RECORDS PROVIDED START

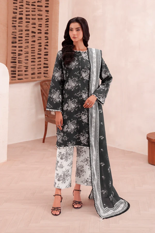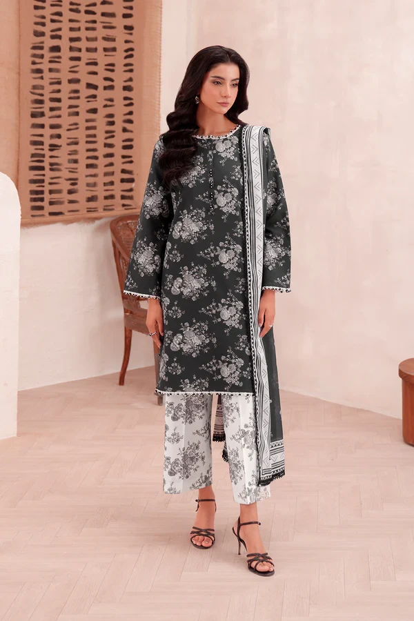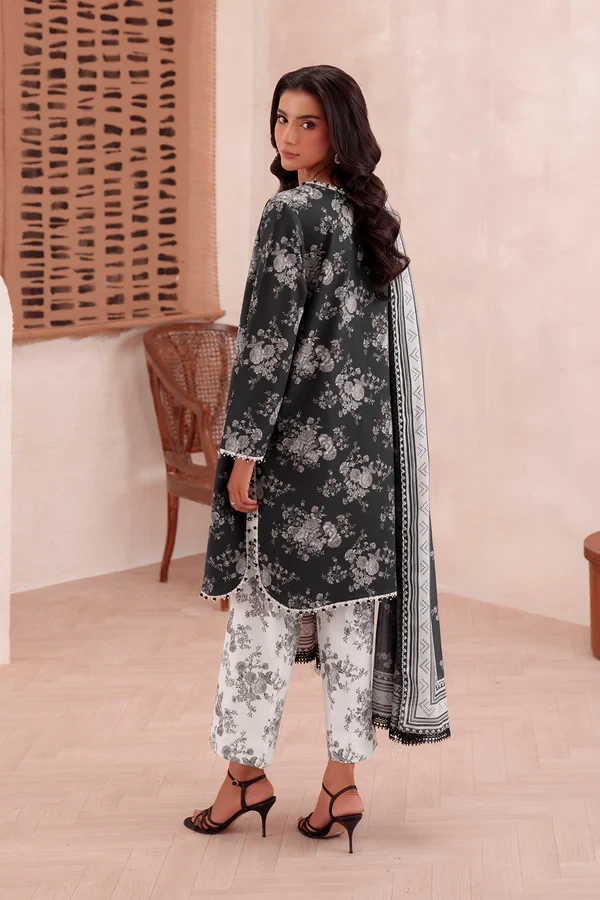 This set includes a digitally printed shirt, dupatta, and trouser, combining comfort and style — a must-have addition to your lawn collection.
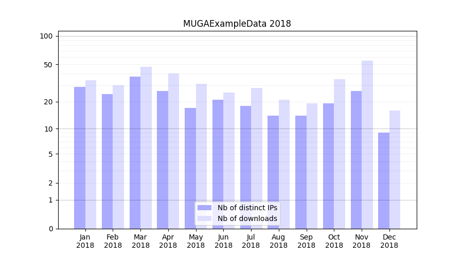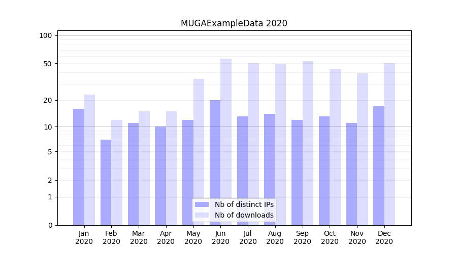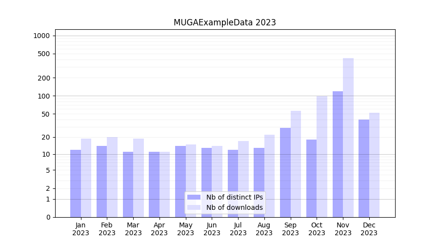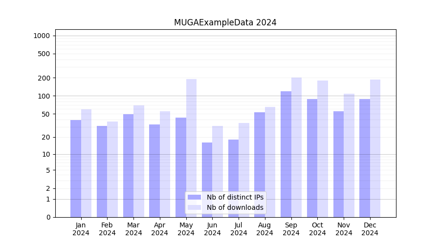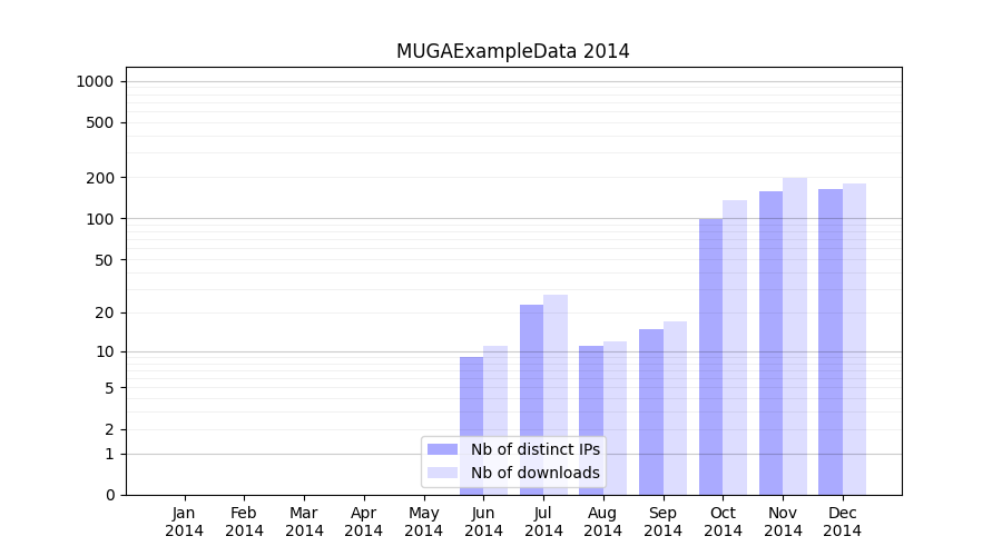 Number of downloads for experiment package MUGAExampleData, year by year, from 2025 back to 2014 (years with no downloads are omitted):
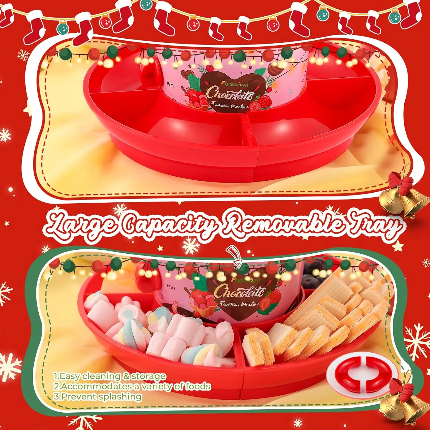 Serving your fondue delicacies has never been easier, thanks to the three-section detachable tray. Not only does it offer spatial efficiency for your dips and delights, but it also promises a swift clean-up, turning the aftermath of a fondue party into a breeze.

RECORDS PROVIDED END
RECORDS PROVIDED START

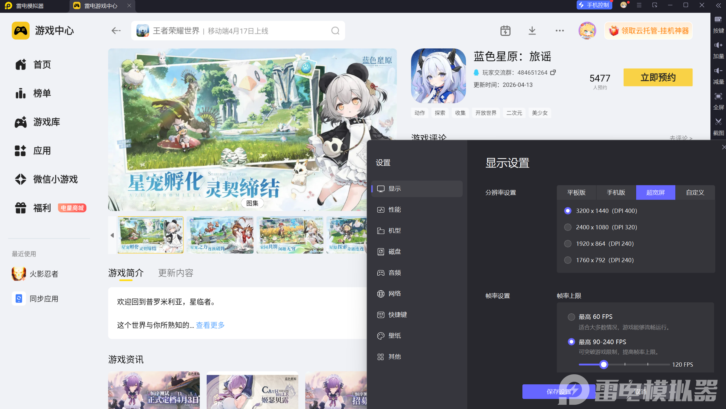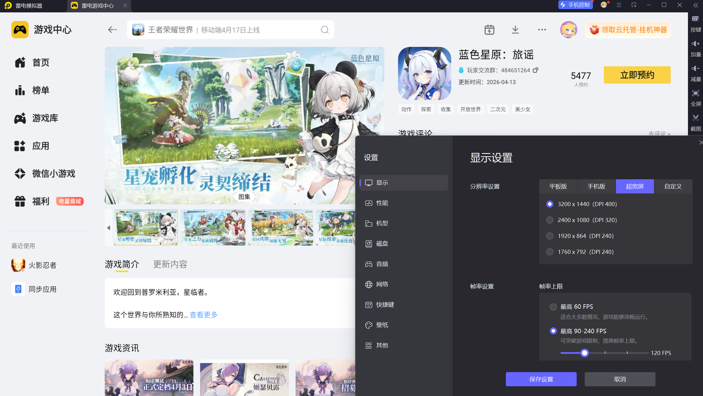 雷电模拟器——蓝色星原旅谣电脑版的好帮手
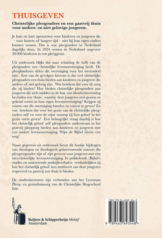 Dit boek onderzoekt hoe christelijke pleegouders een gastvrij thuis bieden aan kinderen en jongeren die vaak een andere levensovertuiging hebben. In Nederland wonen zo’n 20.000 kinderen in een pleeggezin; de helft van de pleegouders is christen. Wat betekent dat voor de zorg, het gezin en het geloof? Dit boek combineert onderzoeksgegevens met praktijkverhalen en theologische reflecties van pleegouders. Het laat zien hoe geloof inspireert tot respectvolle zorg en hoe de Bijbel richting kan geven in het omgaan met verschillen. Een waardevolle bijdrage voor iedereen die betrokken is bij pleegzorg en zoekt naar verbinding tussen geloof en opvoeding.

RECORDS PROVIDED END

■ EXERCISE DIRECTIONS:
The line holding "This set includes" starts the copy and the line holding "Serving your fondue" ends it. Repeat those two lines above and all between them exactly, leaving out pictures.

■ WRITTEN REPLY:
 This set includes a digitally printed shirt, dupatta, and trouser, combining comfort and style — a must-have addition to your lawn collection.
 Number of downloads for experiment package MUGAExampleData, year by year, from 2025 back to 2014 (years with no downloads are omitted):
 Serving your fondue delicacies has never been easier, thanks to the three-section detachable tray. Not only does it offer spatial efficiency for your dips and delights, but it also promises a swift clean-up, turning the aftermath of a fondue party into a breeze.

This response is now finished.